Thanks Tom! :cheers:
No, that's not correct. The answers to your questions are complicated, but I'll try to make it as simple as I can.
Like all animals, baby snakes inherit one copy (allele) of a gene from each parent for every genetic trait. Every trait has a location (locus) on a chromosome where both contributed alleles reside. Most non-normal (mutant) corn pattern and color traits, like anerythrism (lacking red), are recessive. This means that the baby must inherit one copy of the same mutant gene from each parent for the mutant gene to be expressed (visible). When this happens, and the trait is expressed, that mutant gene is said to be in homozygous form (homo = same). When the snake receives a mutant gene for a trait from one parent, but the other parent contributes a non-mutant (normal) gene, the mutant gene is said to be in heterozygous form (hetero = different).

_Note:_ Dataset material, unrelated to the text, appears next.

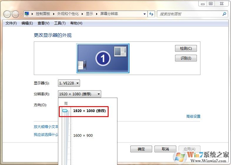 2、將分辨率調(diào)到系統(tǒng)推薦的位置

So in the case of this snake, a het anery, she received one anery gene from one parent, but a normal, non-mutant gene from the other. So the trait is not visible, but she is carrying it in het form. So at the anery locus, the two genes are not the same (one is normal, the other is anery). When she breeds, she can contribute a copy of either the normal gene or the mutant gene to each of her offspring. So there's a 50% chance that she will pass on the gene that is in het form (in this case anery) to each of her offspring.
So if she's paired with a snake that isn't even carrying anery in het form (and barring other mutant traits), the babies of this red snake WILL ALL be red.
If she's paired with a snake that's het for anery, each snake has a 50% chance of contributing a copy of the anery gene to each hatchling, and each hatchling will have a 25% chance of getting two anery genes and expressing anery. There's a 50% chance of each baby getting just one copy of the anery gene, and there's a 25% chance that each baby will not even get one copy. So statistically, 75% of the babies WILL be red.
If she's paired with a homozygous anery, the het anery female will still only have a 50% chance of contributing a copy of the anery gene. But the homozygous male can ONLY contribute an anery gene, since both copies of the gene at the anery locus are the mutant gene. In this case, there's a 50% chance for each baby to be het anery, and there's a 50% chance for each baby to be homozygous for anery. So even here, 50% of the clutch WILL be red.
I hope this helps. If you're interested in this stuff, you'd probably be better off finding a better reference than me.